■ Data for review ■

•••••

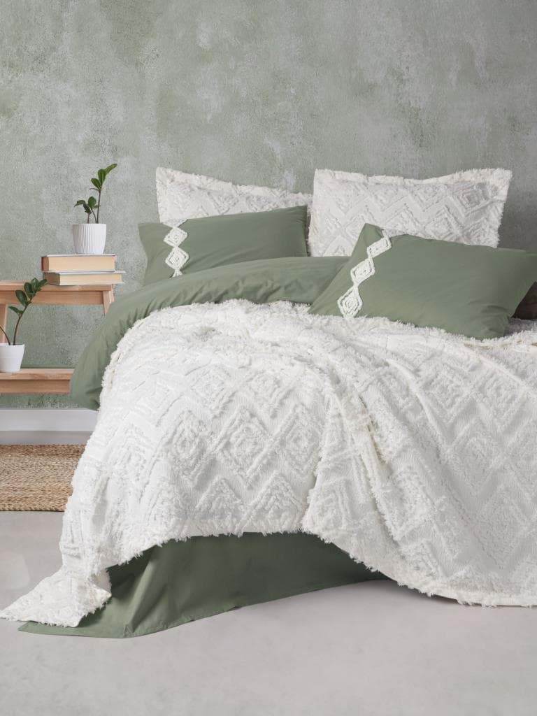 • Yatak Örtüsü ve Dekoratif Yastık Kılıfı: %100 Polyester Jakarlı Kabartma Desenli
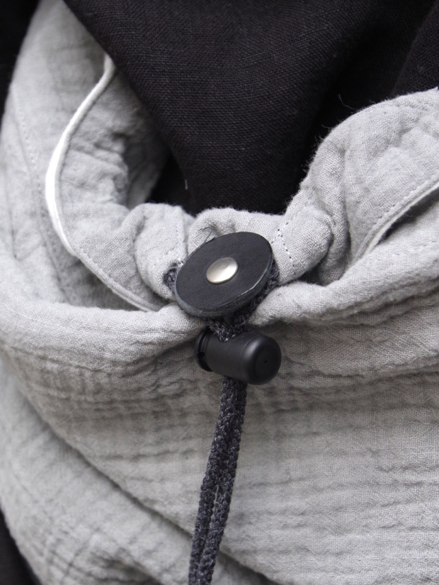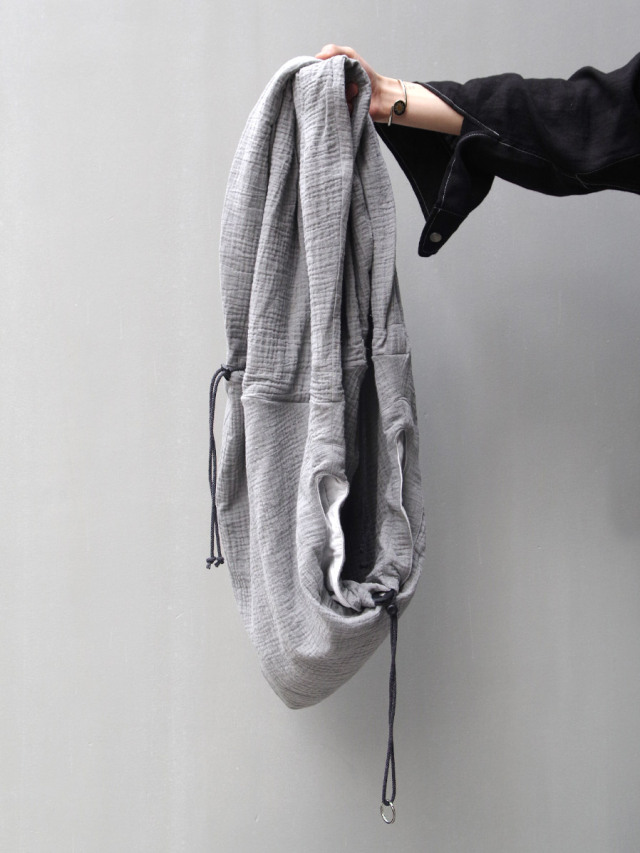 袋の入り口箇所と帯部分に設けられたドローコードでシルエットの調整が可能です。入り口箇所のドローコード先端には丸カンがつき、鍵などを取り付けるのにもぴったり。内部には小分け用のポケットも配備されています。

•••••

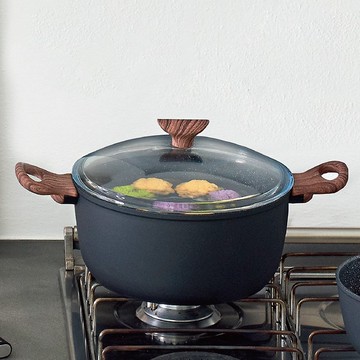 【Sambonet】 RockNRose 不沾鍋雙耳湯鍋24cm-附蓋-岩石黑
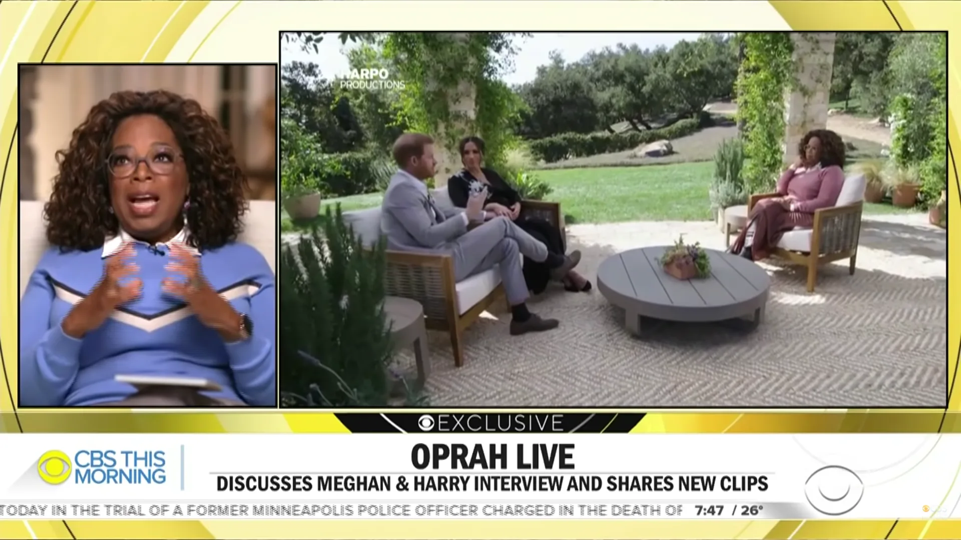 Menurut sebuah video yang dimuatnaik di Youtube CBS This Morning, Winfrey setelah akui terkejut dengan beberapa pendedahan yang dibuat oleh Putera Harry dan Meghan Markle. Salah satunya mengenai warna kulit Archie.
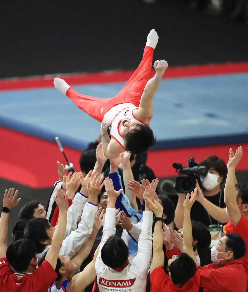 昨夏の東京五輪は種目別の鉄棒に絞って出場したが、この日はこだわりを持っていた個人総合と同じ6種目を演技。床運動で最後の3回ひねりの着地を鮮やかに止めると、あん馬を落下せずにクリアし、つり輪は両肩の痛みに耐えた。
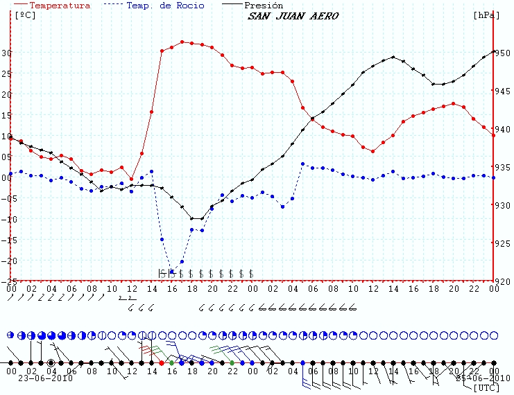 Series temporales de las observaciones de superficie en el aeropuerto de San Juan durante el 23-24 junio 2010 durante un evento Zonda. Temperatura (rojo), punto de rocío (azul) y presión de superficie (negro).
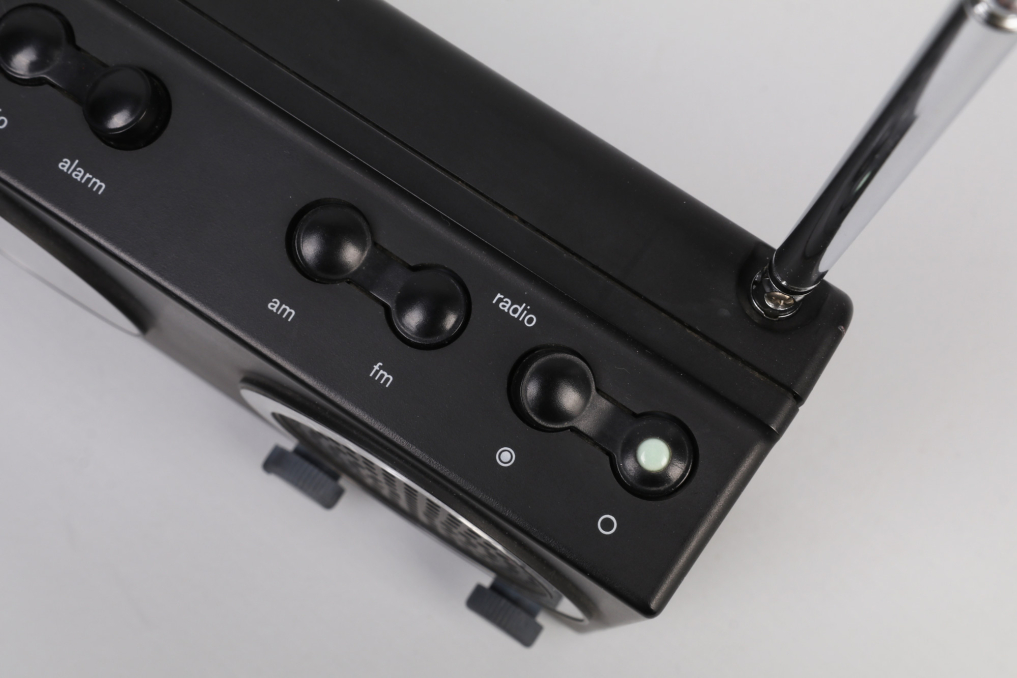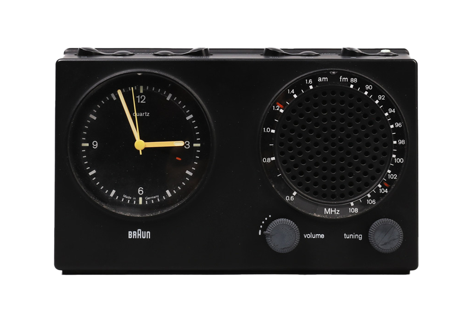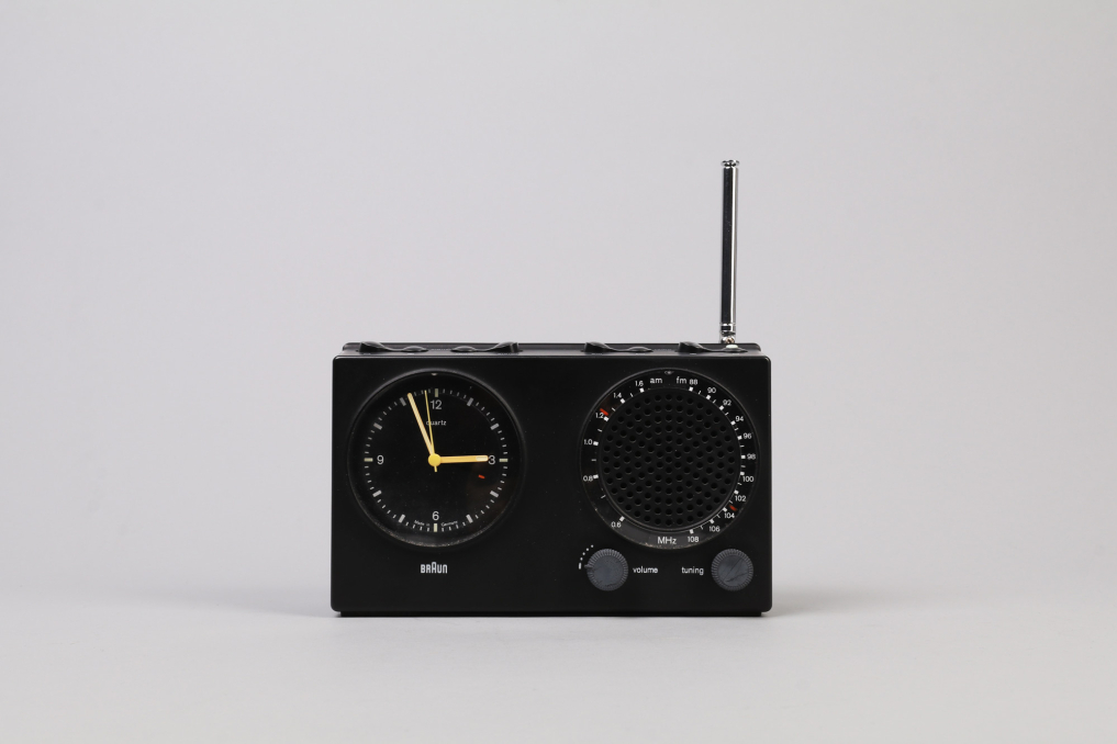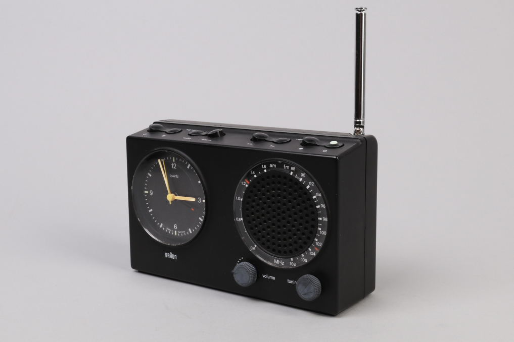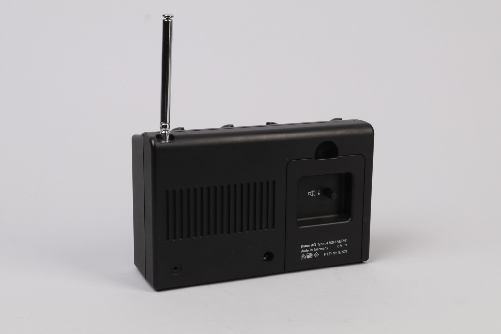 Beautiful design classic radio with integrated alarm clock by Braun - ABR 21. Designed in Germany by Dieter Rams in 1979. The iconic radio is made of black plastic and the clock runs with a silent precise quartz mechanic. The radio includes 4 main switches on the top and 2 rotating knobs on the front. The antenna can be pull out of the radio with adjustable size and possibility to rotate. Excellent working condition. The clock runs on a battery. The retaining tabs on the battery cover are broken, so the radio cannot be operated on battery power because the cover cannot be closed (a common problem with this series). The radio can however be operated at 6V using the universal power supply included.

•••••

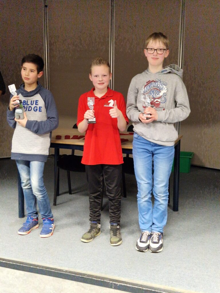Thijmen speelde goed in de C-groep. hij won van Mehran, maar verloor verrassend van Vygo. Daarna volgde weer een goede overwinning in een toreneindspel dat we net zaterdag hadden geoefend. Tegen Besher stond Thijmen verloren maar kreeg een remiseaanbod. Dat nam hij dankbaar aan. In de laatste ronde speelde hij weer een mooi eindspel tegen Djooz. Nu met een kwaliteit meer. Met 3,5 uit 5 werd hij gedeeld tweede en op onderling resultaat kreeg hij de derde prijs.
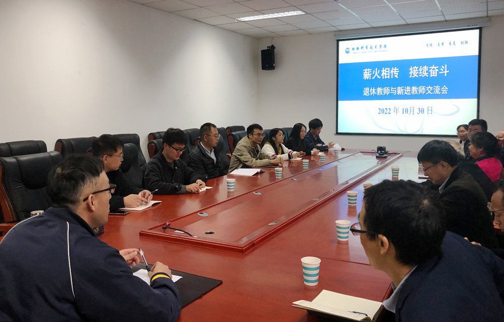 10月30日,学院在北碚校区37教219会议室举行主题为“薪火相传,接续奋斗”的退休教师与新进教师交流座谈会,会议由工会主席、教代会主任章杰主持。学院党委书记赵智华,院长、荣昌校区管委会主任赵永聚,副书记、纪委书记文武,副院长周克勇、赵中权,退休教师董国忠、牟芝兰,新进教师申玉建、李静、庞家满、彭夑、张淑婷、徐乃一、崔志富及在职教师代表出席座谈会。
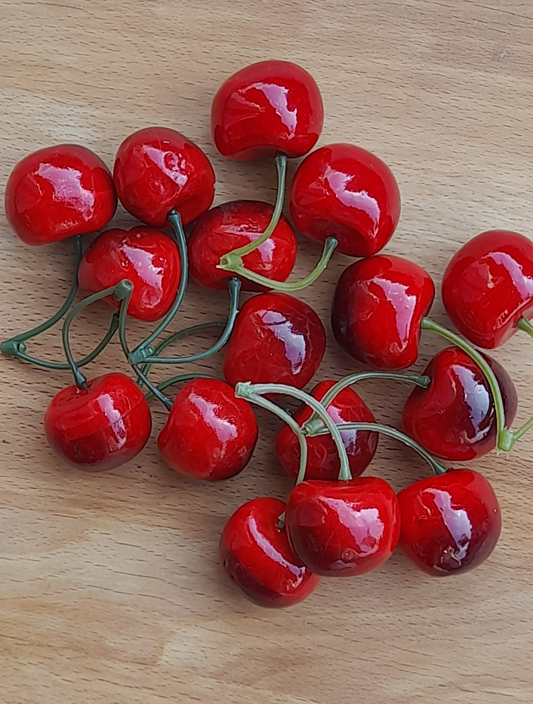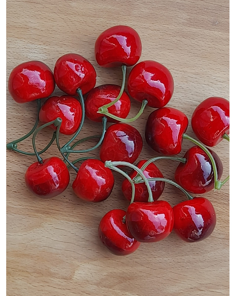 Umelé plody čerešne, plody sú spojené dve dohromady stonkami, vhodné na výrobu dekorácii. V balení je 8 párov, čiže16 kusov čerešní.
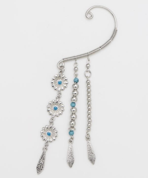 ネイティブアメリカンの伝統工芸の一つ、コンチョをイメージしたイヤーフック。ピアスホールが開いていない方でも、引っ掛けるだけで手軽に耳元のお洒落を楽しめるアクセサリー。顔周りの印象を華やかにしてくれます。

•••••

■ Work to complete ■
Each line above starting at the one holding "Jakarlı Kabartma Desenli" and ending at the one holding "袋の入り口箇所と帯部分に設け" should be set down exactly as it stands, both ends included, with no pictures.

■ Solved problem ■
 • Yatak Örtüsü ve Dekoratif Yastık Kılıfı: %100 Polyester Jakarlı Kabartma Desenli
 袋の入り口箇所と帯部分に設けられたドローコードでシルエットの調整が可能です。入り口箇所のドローコード先端には丸カンがつき、鍵などを取り付けるのにもぴったり。内部には小分け用のポケットも配備されています。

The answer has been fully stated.